Exercise instructions — Leaving out the pictures, return word for word the stretch of entries below from the line holding "Заброшенный Воскресенский рудник" through the line holding "Las Vegas Raiders".

+++ Records to use

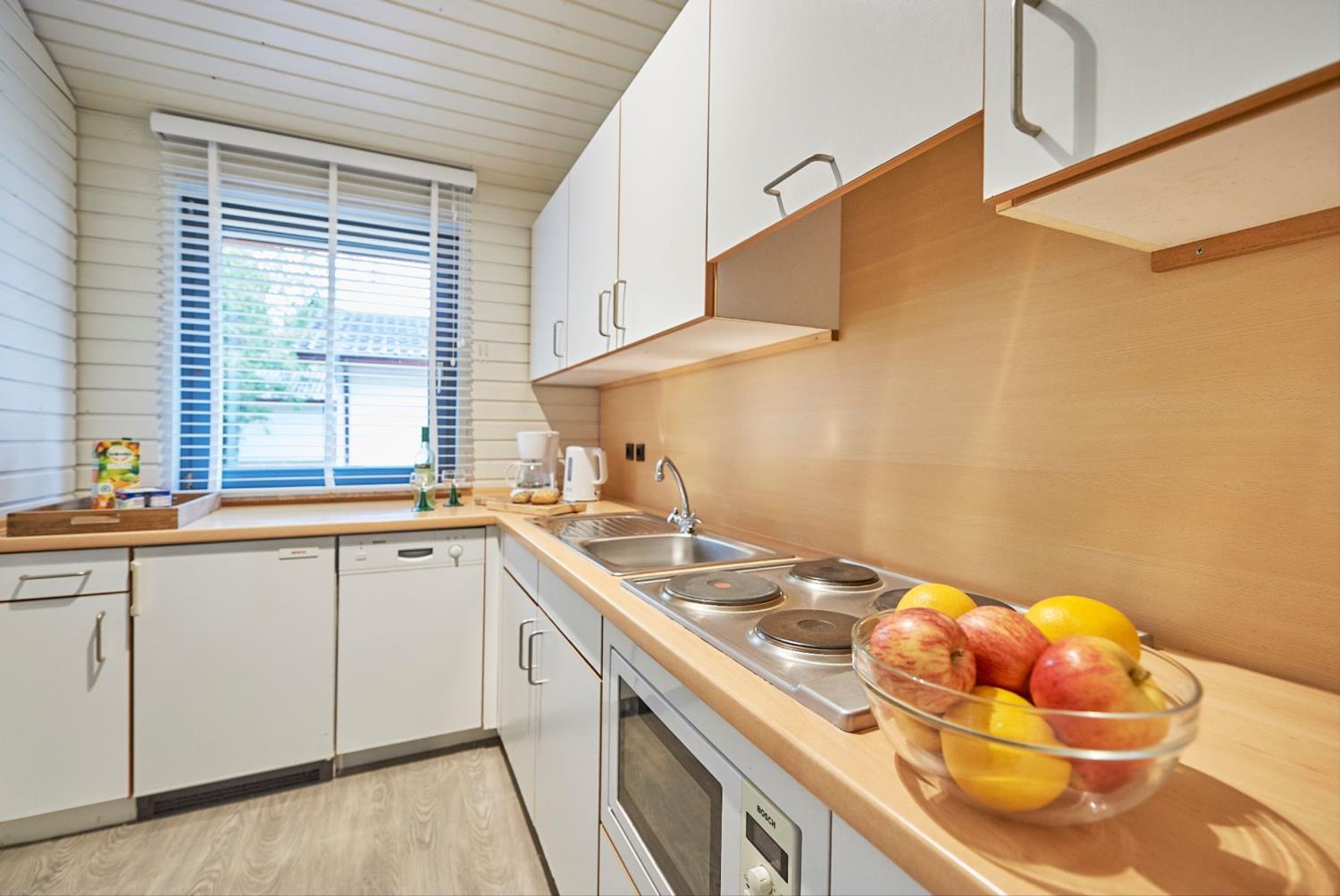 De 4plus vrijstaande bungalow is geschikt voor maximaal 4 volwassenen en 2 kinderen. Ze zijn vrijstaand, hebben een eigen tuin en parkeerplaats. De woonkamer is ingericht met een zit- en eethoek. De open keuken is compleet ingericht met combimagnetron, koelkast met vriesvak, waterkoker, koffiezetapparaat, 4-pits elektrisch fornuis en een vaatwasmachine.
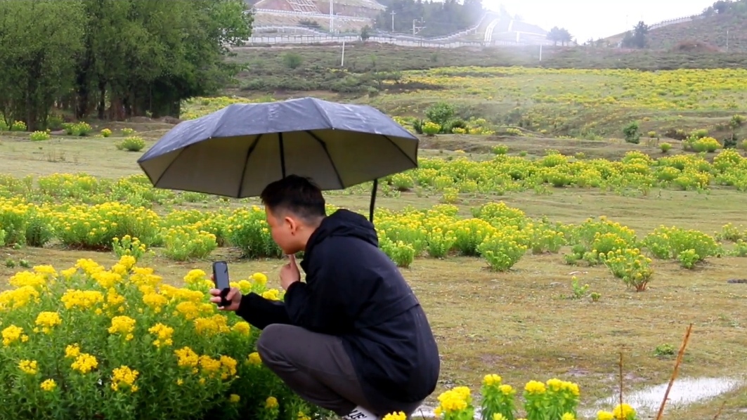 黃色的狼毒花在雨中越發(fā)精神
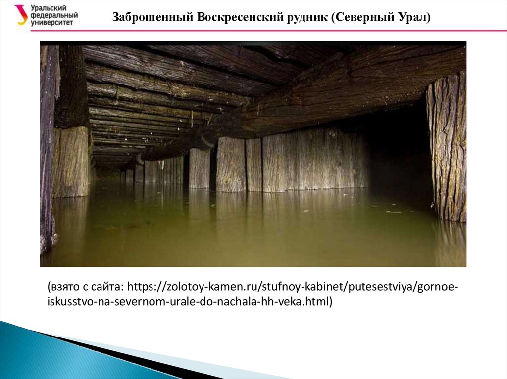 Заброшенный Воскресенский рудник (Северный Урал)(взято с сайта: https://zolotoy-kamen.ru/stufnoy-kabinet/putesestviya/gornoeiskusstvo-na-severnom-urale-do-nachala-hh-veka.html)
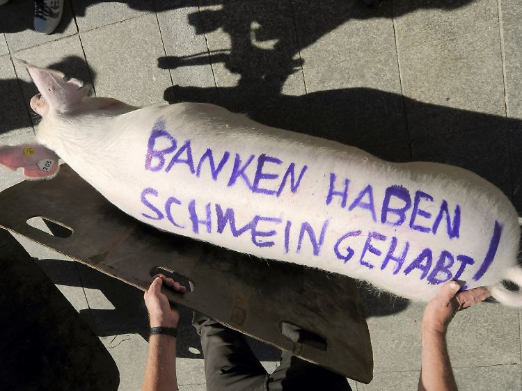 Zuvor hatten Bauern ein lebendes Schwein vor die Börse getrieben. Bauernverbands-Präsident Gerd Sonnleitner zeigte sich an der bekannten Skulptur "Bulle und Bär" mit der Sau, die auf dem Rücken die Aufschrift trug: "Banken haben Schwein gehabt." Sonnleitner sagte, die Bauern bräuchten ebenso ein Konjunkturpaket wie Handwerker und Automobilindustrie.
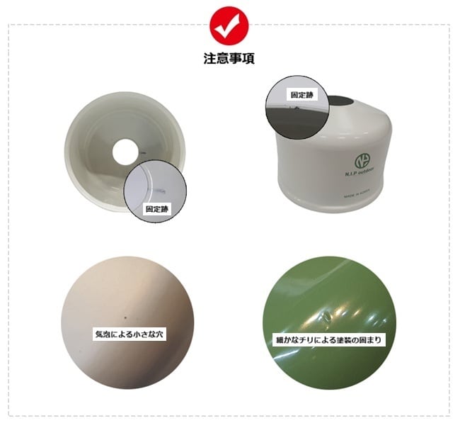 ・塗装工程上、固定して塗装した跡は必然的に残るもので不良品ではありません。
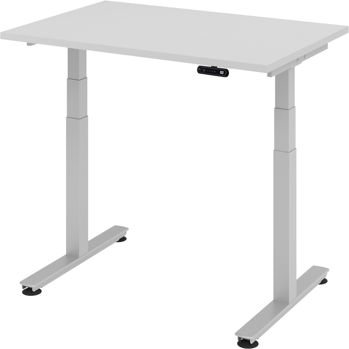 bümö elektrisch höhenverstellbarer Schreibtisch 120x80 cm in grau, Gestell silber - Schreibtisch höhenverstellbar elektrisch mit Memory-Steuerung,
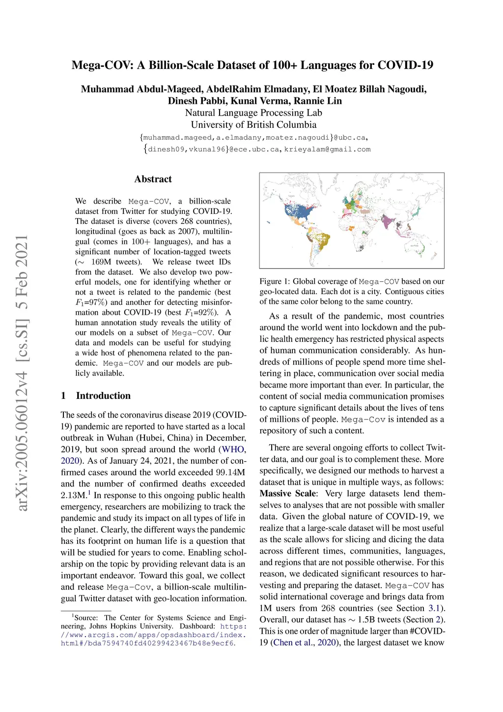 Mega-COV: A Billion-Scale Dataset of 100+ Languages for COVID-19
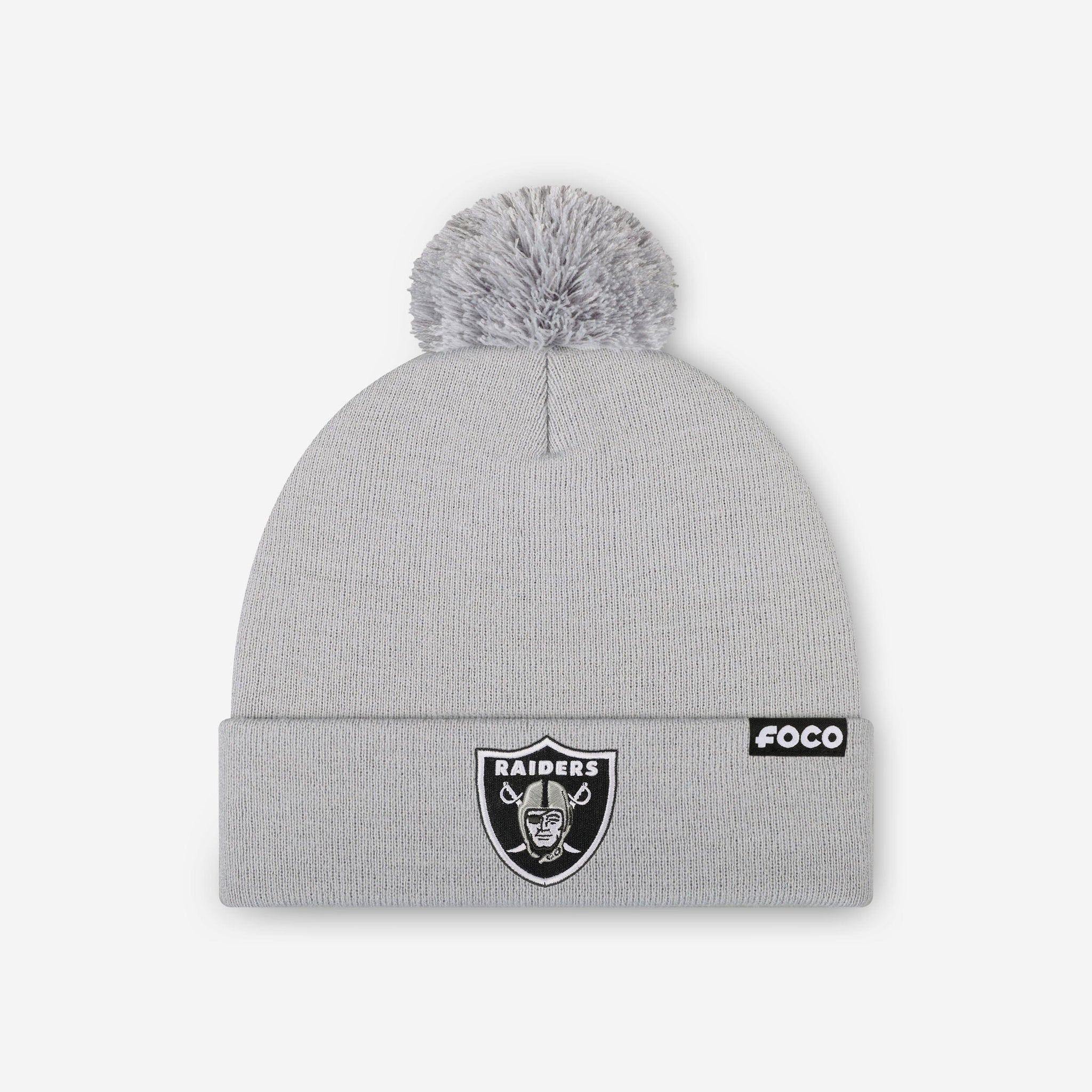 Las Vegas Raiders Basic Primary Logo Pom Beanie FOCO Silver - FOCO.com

++++++
+++ Records to use

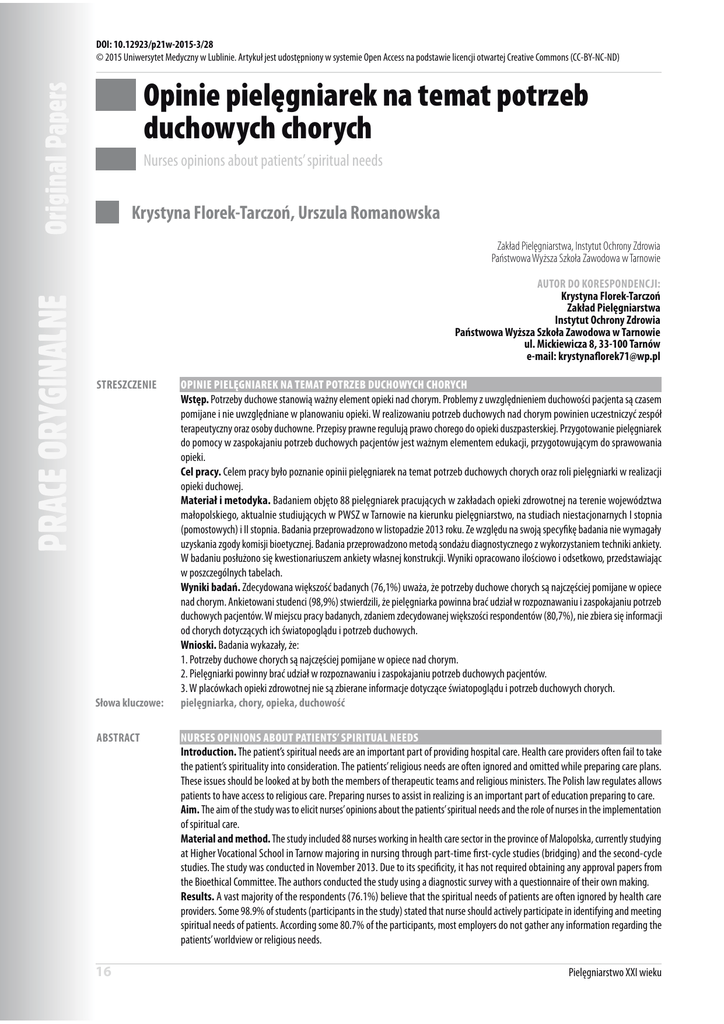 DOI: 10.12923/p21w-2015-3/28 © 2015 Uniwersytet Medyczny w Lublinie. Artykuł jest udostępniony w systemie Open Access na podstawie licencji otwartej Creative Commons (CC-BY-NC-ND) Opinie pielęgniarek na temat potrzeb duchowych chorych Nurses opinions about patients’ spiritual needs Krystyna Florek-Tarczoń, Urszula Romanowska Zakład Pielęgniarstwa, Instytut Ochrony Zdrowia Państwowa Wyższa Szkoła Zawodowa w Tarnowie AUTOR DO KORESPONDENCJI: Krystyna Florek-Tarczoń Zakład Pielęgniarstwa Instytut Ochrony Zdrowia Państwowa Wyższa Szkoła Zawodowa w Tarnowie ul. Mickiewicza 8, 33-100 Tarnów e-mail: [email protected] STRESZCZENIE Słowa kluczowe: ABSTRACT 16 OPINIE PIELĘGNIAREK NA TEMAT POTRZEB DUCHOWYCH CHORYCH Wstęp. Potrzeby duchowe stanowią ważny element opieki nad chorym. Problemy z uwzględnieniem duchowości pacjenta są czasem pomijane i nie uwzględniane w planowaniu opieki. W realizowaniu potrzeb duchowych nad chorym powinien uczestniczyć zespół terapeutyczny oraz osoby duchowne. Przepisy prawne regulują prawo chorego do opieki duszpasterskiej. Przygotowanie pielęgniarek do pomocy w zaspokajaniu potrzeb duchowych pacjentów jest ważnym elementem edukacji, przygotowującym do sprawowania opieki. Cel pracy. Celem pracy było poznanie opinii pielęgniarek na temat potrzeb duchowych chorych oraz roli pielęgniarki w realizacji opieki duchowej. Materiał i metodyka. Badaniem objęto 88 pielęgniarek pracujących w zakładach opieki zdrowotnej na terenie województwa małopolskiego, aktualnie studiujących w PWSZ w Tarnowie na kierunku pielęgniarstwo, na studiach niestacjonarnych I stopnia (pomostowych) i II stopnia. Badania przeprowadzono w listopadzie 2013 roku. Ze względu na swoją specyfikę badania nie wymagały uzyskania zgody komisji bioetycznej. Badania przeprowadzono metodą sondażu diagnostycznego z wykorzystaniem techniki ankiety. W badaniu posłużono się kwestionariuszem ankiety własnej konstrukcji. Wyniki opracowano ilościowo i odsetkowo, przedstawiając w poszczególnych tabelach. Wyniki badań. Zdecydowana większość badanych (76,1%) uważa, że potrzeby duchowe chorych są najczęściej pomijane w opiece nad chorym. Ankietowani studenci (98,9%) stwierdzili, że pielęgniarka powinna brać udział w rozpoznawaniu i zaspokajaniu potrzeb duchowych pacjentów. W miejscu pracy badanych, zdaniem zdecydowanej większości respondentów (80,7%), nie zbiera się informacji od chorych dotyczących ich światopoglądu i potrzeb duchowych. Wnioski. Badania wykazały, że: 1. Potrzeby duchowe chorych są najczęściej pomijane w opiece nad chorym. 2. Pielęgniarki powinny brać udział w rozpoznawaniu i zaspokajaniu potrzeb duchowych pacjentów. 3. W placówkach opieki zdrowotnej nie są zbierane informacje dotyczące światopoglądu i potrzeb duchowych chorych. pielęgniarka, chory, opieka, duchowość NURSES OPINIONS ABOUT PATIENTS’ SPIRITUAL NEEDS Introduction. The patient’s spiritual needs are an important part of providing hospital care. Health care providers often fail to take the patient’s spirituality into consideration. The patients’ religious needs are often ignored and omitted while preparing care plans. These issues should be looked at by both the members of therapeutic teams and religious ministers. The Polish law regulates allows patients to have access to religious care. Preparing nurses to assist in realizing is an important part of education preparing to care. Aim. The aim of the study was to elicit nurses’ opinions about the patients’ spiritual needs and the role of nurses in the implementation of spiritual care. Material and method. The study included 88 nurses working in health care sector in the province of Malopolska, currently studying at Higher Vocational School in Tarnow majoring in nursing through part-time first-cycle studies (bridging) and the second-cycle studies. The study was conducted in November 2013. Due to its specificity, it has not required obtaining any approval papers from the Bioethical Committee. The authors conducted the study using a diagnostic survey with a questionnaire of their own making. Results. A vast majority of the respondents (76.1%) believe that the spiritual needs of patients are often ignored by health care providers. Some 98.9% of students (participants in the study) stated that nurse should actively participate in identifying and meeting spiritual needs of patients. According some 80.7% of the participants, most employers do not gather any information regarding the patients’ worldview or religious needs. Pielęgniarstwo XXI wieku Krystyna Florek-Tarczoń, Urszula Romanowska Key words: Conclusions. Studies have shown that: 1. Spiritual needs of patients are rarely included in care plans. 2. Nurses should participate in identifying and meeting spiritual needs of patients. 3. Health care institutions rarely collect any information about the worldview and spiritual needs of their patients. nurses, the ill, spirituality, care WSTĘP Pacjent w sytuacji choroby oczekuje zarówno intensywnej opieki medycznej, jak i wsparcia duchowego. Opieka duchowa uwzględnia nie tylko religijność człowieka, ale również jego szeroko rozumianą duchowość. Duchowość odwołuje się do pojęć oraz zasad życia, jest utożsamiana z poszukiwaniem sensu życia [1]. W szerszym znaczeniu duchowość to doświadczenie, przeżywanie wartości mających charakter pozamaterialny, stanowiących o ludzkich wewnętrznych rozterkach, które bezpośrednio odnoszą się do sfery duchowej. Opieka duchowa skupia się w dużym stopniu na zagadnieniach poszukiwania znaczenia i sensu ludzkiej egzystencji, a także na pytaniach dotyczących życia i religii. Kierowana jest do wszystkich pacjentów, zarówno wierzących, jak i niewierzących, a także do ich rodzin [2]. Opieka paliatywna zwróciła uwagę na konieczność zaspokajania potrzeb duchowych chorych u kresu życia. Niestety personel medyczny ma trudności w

++++++

Task result —
 Заброшенный Воскресенский рудник (Северный Урал)(взято с сайта: https://zolotoy-kamen.ru/stufnoy-kabinet/putesestviya/gornoeiskusstvo-na-severnom-urale-do-nachala-hh-veka.html)
 Zuvor hatten Bauern ein lebendes Schwein vor die Börse getrieben. Bauernverbands-Präsident Gerd Sonnleitner zeigte sich an der bekannten Skulptur "Bulle und Bär" mit der Sau, die auf dem Rücken die Aufschrift trug: "Banken haben Schwein gehabt." Sonnleitner sagte, die Bauern bräuchten ebenso ein Konjunkturpaket wie Handwerker und Automobilindustrie.
 ・塗装工程上、固定して塗装した跡は必然的に残るもので不良品ではありません。
 bümö elektrisch höhenverstellbarer Schreibtisch 120x80 cm in grau, Gestell silber - Schreibtisch höhenverstellbar elektrisch mit Memory-Steuerung,
 Mega-COV: A Billion-Scale Dataset of 100+ Languages for COVID-19
 Las Vegas Raiders Basic Primary Logo Pom Beanie FOCO Silver - FOCO.com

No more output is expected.